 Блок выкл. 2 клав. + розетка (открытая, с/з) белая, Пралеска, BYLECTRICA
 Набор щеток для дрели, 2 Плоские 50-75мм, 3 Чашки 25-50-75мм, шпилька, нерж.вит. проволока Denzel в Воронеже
==
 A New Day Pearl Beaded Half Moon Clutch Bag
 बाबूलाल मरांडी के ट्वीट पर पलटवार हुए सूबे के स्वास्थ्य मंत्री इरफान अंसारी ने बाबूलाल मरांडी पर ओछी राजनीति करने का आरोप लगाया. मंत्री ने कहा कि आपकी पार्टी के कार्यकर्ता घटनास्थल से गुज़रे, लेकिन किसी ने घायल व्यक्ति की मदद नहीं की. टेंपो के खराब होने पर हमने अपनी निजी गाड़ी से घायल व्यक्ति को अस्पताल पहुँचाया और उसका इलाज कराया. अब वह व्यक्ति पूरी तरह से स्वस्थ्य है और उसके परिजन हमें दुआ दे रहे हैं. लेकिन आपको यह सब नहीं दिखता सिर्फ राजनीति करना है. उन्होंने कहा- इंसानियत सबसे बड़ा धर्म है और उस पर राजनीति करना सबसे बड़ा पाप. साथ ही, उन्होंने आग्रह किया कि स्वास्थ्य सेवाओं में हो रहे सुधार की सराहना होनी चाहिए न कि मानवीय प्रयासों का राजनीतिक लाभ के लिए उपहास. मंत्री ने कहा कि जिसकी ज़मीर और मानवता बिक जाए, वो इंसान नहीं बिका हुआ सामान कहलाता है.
--
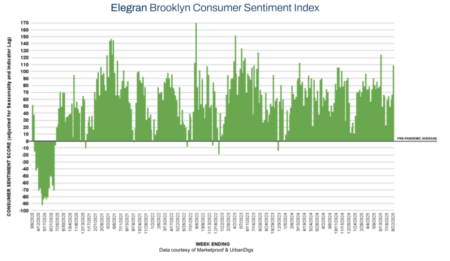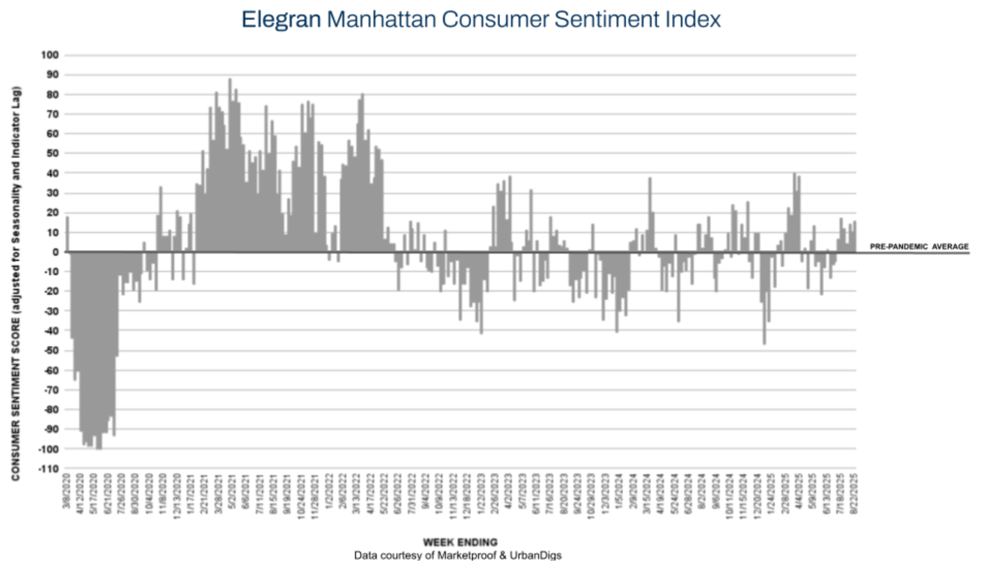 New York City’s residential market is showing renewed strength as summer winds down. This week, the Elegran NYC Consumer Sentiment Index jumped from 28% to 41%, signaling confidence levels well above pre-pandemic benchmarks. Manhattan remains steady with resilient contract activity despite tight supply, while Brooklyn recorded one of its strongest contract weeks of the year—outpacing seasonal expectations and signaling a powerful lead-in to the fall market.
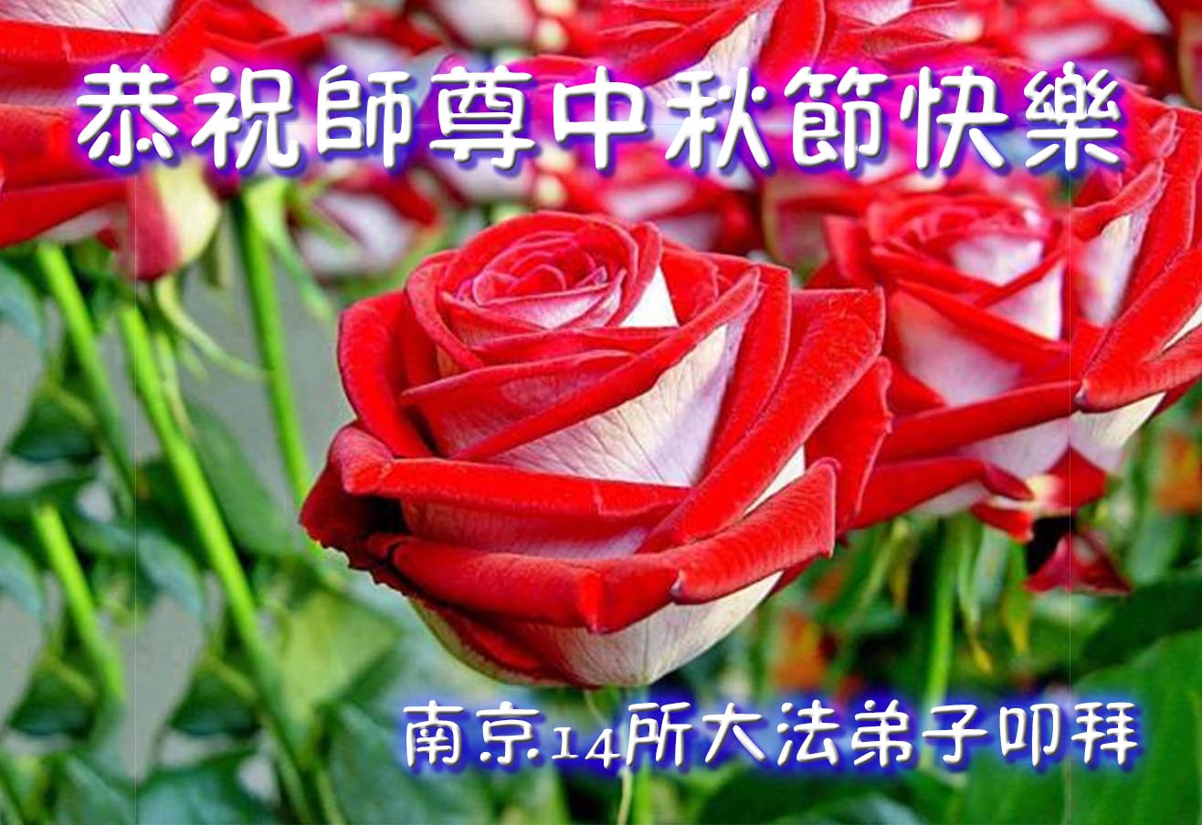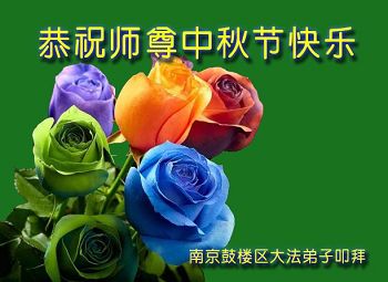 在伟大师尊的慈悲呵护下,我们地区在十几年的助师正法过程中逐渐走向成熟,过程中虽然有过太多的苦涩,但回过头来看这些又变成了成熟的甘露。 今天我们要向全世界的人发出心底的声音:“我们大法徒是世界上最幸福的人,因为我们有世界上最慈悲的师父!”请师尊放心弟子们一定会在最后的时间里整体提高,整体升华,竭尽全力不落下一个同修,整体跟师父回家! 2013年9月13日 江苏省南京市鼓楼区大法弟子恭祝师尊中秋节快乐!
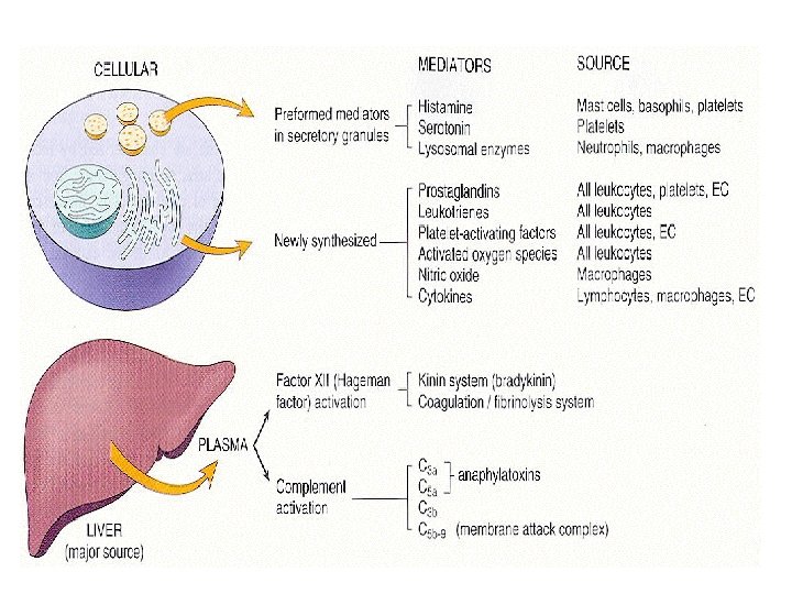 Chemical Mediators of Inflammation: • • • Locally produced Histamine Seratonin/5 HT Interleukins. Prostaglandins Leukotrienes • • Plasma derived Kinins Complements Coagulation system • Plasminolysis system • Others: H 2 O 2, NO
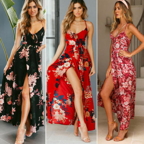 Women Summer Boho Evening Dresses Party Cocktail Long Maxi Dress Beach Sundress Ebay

• **Exercise aim**
From the listing above, restate verbatim the lines running from the one with "Chemical Mediators of" through the one with "Women Summer Boho", inclusive, but not the pictures.

• **Response area**
 Chemical Mediators of Inflammation: • • • Locally produced Histamine Seratonin/5 HT Interleukins. Prostaglandins Leukotrienes • • Plasma derived Kinins Complements Coagulation system • Plasminolysis system • Others: H 2 O 2, NO
 Women Summer Boho Evening Dresses Party Cocktail Long Maxi Dress Beach Sundress Ebay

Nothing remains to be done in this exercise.